It can be tough to keep all of the temples straight (there are more than 300 in the whole Angkor Wat complex), but I’ll do my best. Simplistically, Angkor Thom is the one with all of the faces, and it’s quite large, encompassing the Bayon, the Terrace of the Elephants and many others. We tour Bayon and go through a couple more (I’ve forgotten specifics, of course). Dara likes photography, so he helps my husband get the best shots.

It is deathly humid so I am not sad when it is time to leave. How humid is it, you may ask? So humid that the acrylic nails that I put on for my wedding are starting to melt!

Khmer dancer, Siem Reap, Cambodia

After a shower, we venture down to Pub Street and are a little amazed by the carnival atmosphere going on – definitely backpacker central. If you can’t beat em, join ‘em, we say, and we have a slightly tipsy dinner at Dead Fish Tower. (Food was only ok – I don’t necessarily recommend this place). We decide to get a foot massage after dinner and are less than impressed – while the simple massages off the street in Bangkok were nicely done, here the girls use basic soap and little technique. We decide to hold off on foot massages until we’re back in Thailand. Obviously, we’re exahusted after such a long day.

Angkor Wat, Cambodia

Second day, Siem Reap

Our breakfast at Bopha Angkor gives us a choice of Khmer, western or Asian. After trying them all, I would recommend the Khmer, which is a sunny-side-up egg atop of fried rice. Yummy. Ponheary is right on time and we set off for Angkor Wat.

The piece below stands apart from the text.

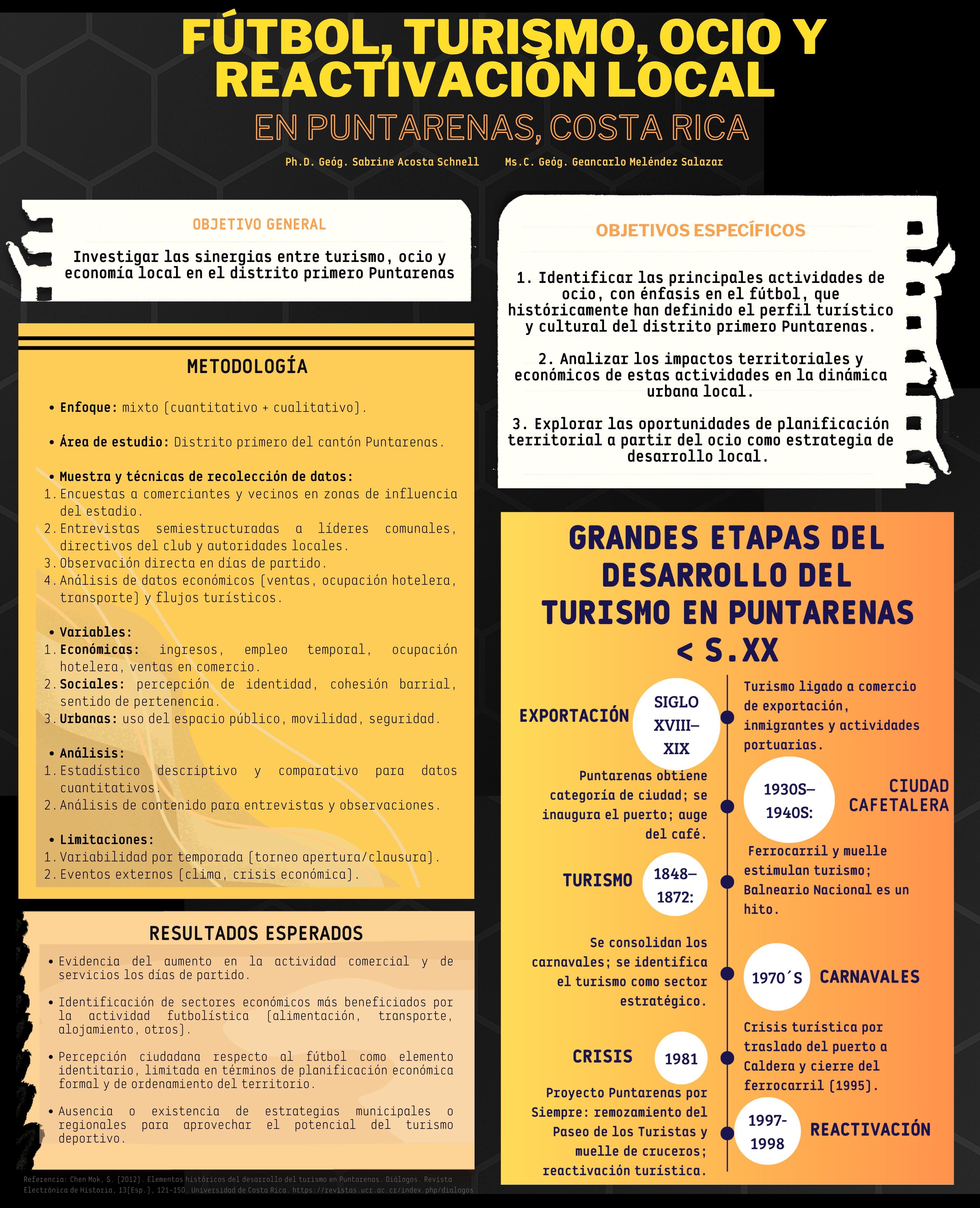 El póster es una propuesta de investigación para TFG de Licenciatura en Geografía. Tiene como objetivo examinar las sinergias entre el turismo, las actividades de ocio y la economía local en el distrito primero del cantón de Puntarenas. El estudio parte del reconocimiento del fútbol como fenómeno sociocultural con capacidad de dinamizar la economía urbana y promover procesos de revitalización territorial. Desde un enfoque mixto —cuantitativo y cualitativo— se propone emplear encuestas a comerciantes, entrevistas semiestructuradas con líderes locales y observaciones directas en días de partido, junto con el análisis de datos económicos y turísticos.

It’s hard to find the words to describe Angkor Wat; it’s impossible to do the place justice. Let’s just say that you know when you are there that you are at one of the man-made wonders of the world. The carvings are so intricate; the scope so immense. Not to mention the sense of history that pervades the place, from the 9th century carvings to the near-recent bullet holes where Khmer Rouge fought the Vietnamese.

Ponheary is a thorough and knowledgeable guide, although she’s not as on-the-surface perky or entertaining as Tong. (Her sense of humor and smiles emerge the next day, when we go with her to visit the school that she works with). I preferred her to Dara, although Don missed having Dara’s photographic eye.

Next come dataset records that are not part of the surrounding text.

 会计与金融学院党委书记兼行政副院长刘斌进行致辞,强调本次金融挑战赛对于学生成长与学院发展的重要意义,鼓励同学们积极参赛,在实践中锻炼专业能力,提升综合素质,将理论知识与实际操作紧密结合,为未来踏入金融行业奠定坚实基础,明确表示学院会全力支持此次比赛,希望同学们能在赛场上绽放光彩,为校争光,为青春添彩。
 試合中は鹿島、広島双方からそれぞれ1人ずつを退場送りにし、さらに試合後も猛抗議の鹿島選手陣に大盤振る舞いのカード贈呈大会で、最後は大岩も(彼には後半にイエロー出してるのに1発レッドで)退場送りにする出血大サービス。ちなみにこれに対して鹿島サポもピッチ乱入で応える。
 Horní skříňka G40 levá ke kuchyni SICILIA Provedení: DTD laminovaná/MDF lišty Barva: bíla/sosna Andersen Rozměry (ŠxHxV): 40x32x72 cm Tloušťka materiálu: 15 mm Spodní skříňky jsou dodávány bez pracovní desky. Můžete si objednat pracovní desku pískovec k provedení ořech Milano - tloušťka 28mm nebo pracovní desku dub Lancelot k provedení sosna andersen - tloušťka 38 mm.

It takes us the entire morning session to go through Angkor Wat. By noon, we are dying from the heat and I see the wisdom of always booking a hotel with a pool when traveling to Asia. Our midday break is refreshing, and I actually have a chance to start reading some of the fiction I brought along. A friend recommended Bangkok 8 by John Burdett, and I wish I would have finished it before I went to Bangkok – immensely entertaining! Definitely put it on your reading list if you are going there. I also take advantage of the Thai massage that is included in our room rate. While it’s not as good as the one we received in Bangkok, it is delivered in a cool boat-shaped outdoor space not far from the pool.

Ta Prohm, Angkor Wat, Cambodia

We go back out at 3 p.m. I think we may have seen another temple before this (the smaller ones blend together in my memory) but the main agenda item is Ta Prohm, more famously known as the “jungle temple.” This is the one where huge banyan trees are engulfing the building and crushing the walls with their roots. Don is excited, as he’s seen countless pictures and can’t wait to see it for himself. And, well, I’ve seen Tomb Raider so I’m looking forward to it too.

On the way in, we hear some musicians playing some haunting music. Ponheary tells us that we’ll see them periodically around the complex; they are victims of landmines. Once we get to the temple, it’s packed with tour groups. There’s a lot of maneuvering to get the same shots, although no one is obnoxious about it. We easily spend a couple hours here, marveling at the trees.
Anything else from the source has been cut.